A further C17 left the UK on 9 September carrying an RAF Puma helicopter with an additional 2 Puma helicopters departing the following day.

By 12 September 997 British personnel were in the region, made up of marines, engineers, medics and specialists, including Royal Navy, Army and RAF personnel.

The commander for the operation was Brigadier John Ridge. Ridge countered criticism of the operation and said "the [operation presents] unique and vast geographical and logistical challenges".

With Hurricane Maria approaching on 18 September it was announced that the 1,300 British personnel already in the region would remain on the affected islands or in locations nearby to render immediate assistance. Additional personnel were deployed to Montserrat to provide assistance should Maria hit the island.

Ocean arrived in the region on 22 September and proceeded to conduct 253 hours of flying including 81 separate trips and moved more than 1,000 people by air. 9 Assault Squadron Royal Marines conducted almost 200 landing craft launches and recoveries, landing 600 people and stores across 17 isolated locations. In total, Ocean delivered 8,300 man hours of engineering and logistical support enabling the recovery of critical national infrastructure alongside large scale clean-up operations across four separate island chains. Ocean also evacuated 39 vulnerable British nationals from Dominica, one of whom was very seriously ill and received life-saving treatment on board.
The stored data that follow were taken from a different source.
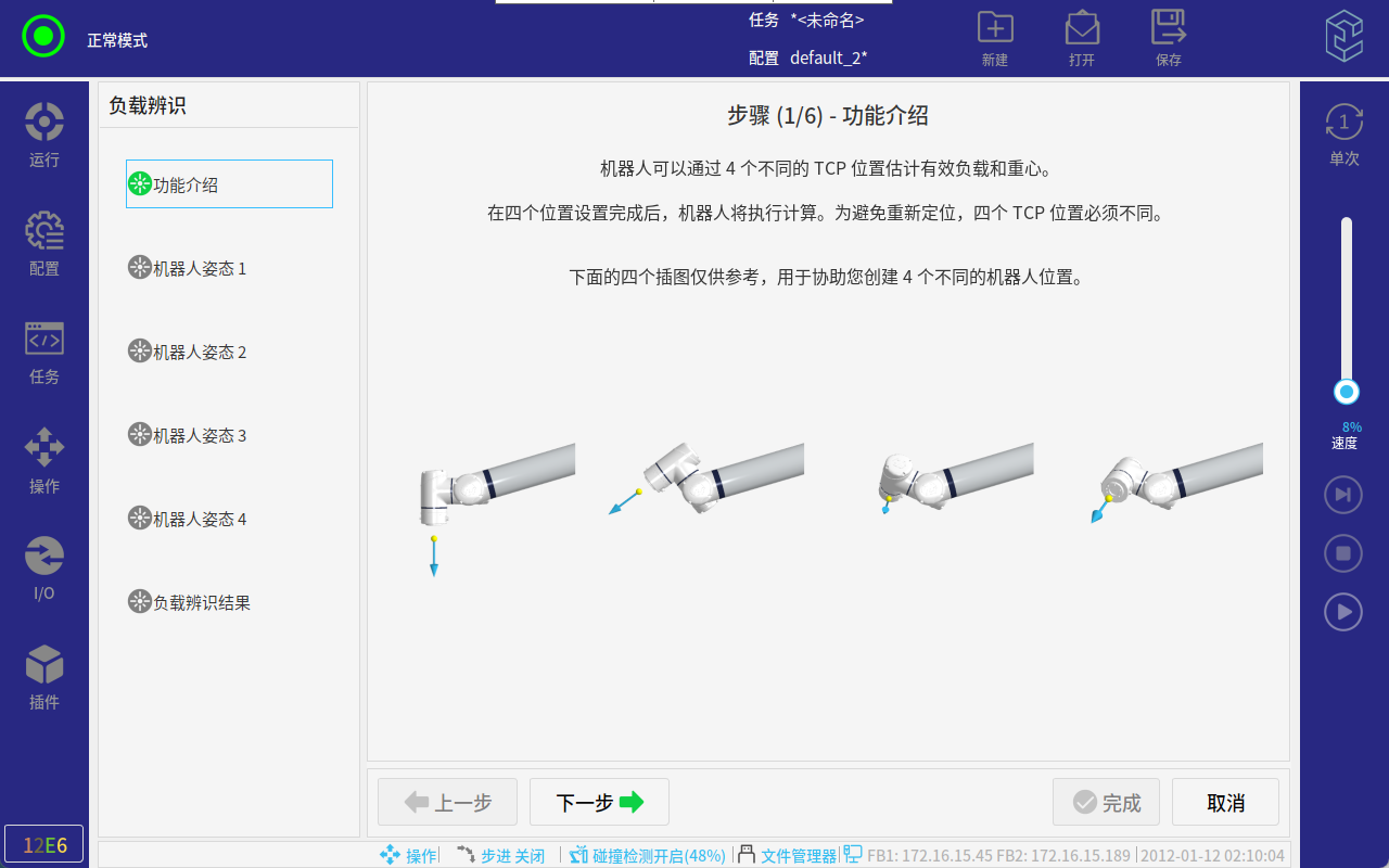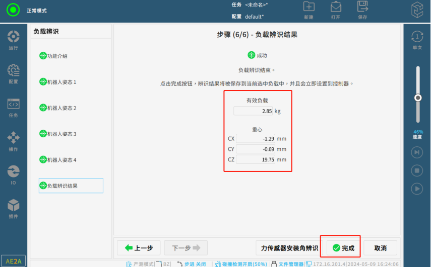 在負載辨識界面按功能介紹示教4個機器人姿態,可自動算出機器人負載;點擊完成即可。
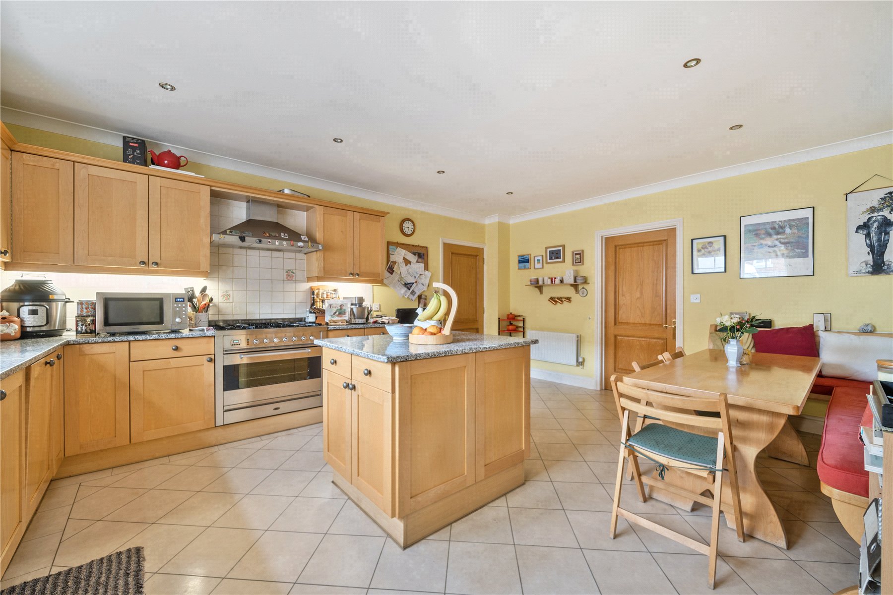 The property itself offers a welcoming sense of space from the moment you step into the generous entrance hallway. The main reception rooms are designed with both family living and entertaining in mind, with a beautifully proportioned living room featuring a fireplace and double doors that open directly onto the garden. The dining room, also with doors to the garden, provides a bright and versatile space, while the kitchen/breakfast room is well-equipped with integrated appliances, extensive cabinetry and a central island, making it ideal for everyday living. A study, utility room and cloakroom complete the ground floor.
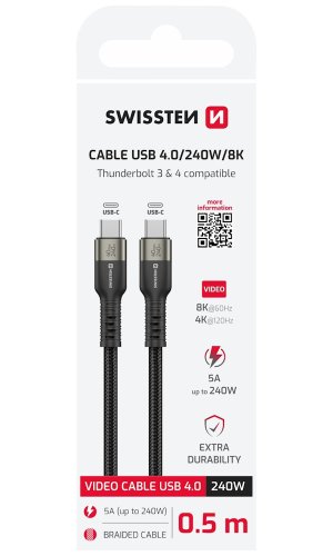 Vysoko výkonný dátový a video kábel s podporou prenosu dát až 40 Gb/sa nabíjanie výkonom až 240 W.

By 10 October, the military effort was winding down, 40 Commando Royal Marines flew back to the United Kingdom and Ocean sailed for Miami for refueling and storing before resuming her NATO mission in the Mediterranean. Mounts Bay remained in the region to provide support for the remainder of the hurricane season.

==Civilian==
On 8 September 2017, the Royal Cayman Islands Police Service Air Operations Unit in their EC135 helicopter departed Grand Cayman to pre-position at Guantanamo Naval Base, arriving in the tail of Irma. Following the all clear, the helicopter, callsign X-Ray One arrived at first light into Turks and Caicos and for 36 hours was the main aid to the Islands in assessing damage and transporting people, leading to the declaration of the state of emergency. X-Ray One crew stayed for seven days as part of Operation Ruman, making 36 flights, until relieved by a Canadian Navy Sea King.

Aid was supplied from Department for International Development's disaster response centre at Kemble Airfield in Gloucestershire, including 10,000 UK aid buckets and 5,000 UK solar lanterns.

53 police officers from 14 UK police forces were deployed to the British Virgin Islands to assist in maintaining law and order. A contingent of specialist prison officers were deployed to run the island's prison. In conjunction with military and police support 21 of the most high risk prisoners were transferred by air to a prison in St Lucia.